■ WORK ORDER
When you return the data, keep every line exactly as it is and leave out the pictures.

■ INPUT DATA
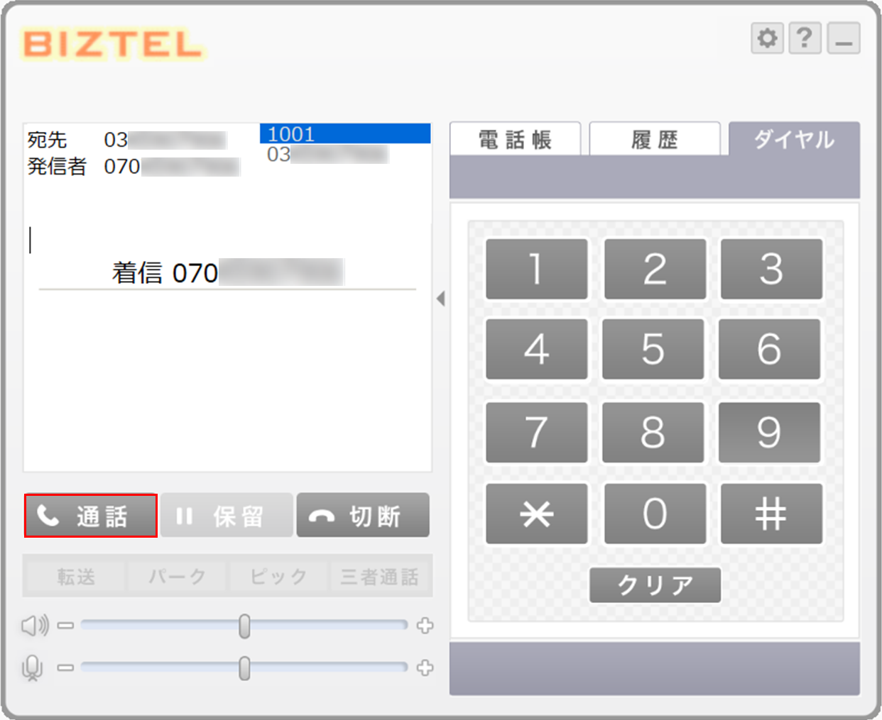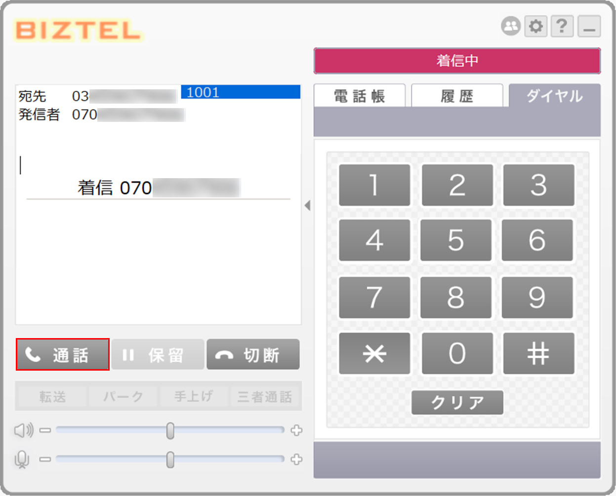 手順3.着信するため、「通話」ボタンをクリックし、通話を行います。
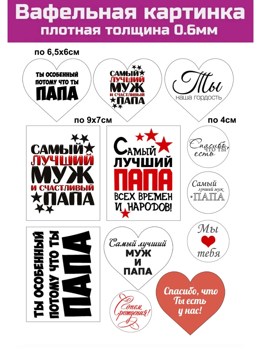 Вафельная печать на торт в день рождения или юбилей приятно удивит ваших близких. Вафельная печать, топеры символики и поздравлений, вырезаются ножницами. Съедобная печать яркая, напечатана пищевыми красителями на плотном вафельном листе с толщиной 0.6мм. Все элементы печати вырезаются ножницами. Рекомендуем:- укладывать картинку на мастику, предварительно смазать слегка водой, что бы образовался липкий слой или смазать картинку кондитерским нейтральным гелем. - укладывать на крем, в котором содержится минимум жидкости, это такие как, белково-заварной крем, на маслянной основе, ганаш или на застывший айсинг. Если картинку уложить на сметанный, сливочный крем, то картинка может размокнуть.Картинки печатаем яркие, в самом высоком разрешении. Вафельная бумага премиум класса. Производитель Германия и Нидерланды.Срок годности картинки 12 месяцев.
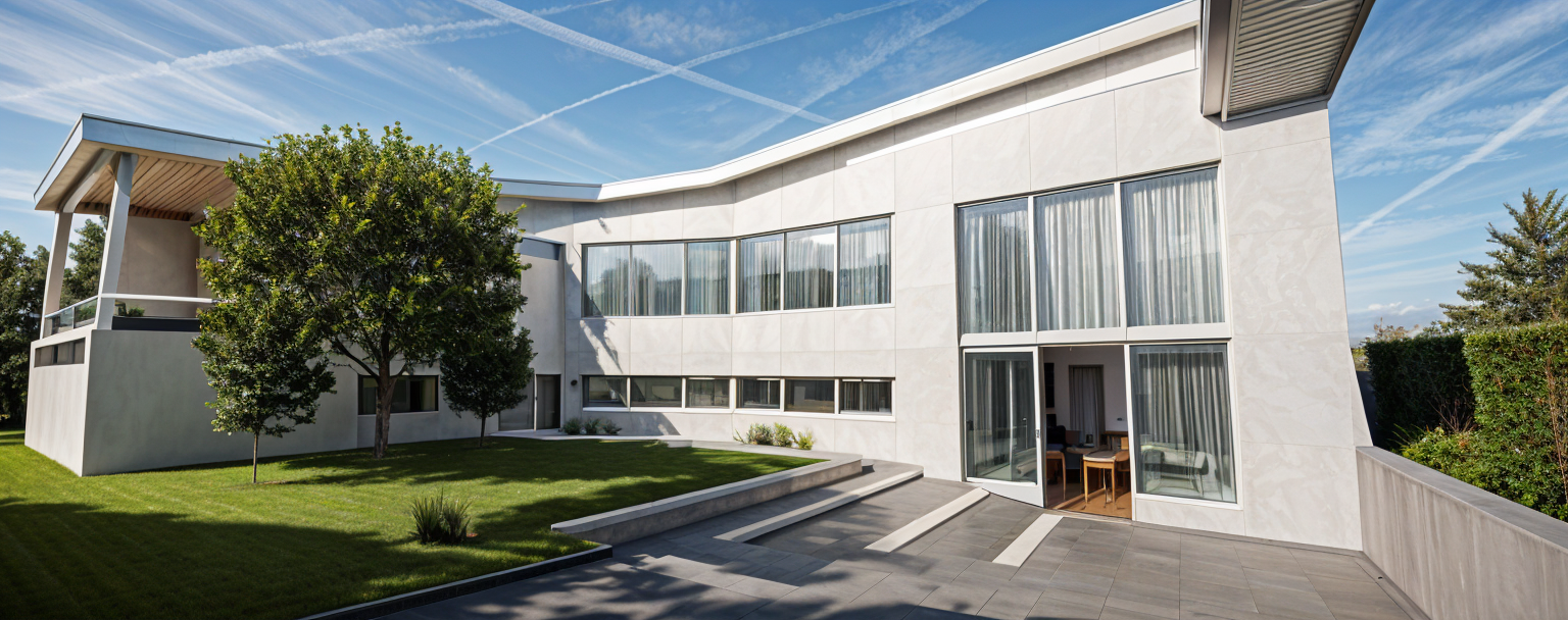 modern exterior shot autumn blue sky light cloud air plane architecture

■ SOLVED EXERCISE
 手順3.着信するため、「通話」ボタンをクリックし、通話を行います。
 Вафельная печать на торт в день рождения или юбилей приятно удивит ваших близких. Вафельная печать, топеры символики и поздравлений, вырезаются ножницами. Съедобная печать яркая, напечатана пищевыми красителями на плотном вафельном листе с толщиной 0.6мм. Все элементы печати вырезаются ножницами. Рекомендуем:- укладывать картинку на мастику, предварительно смазать слегка водой, что бы образовался липкий слой или смазать картинку кондитерским нейтральным гелем. - укладывать на крем, в котором содержится минимум жидкости, это такие как, белково-заварной крем, на маслянной основе, ганаш или на застывший айсинг. Если картинку уложить на сметанный, сливочный крем, то картинка может размокнуть.Картинки печатаем яркие, в самом высоком разрешении. Вафельная бумага премиум класса. Производитель Германия и Нидерланды.Срок годности картинки 12 месяцев.
 modern exterior shot autumn blue sky light cloud air plane architecture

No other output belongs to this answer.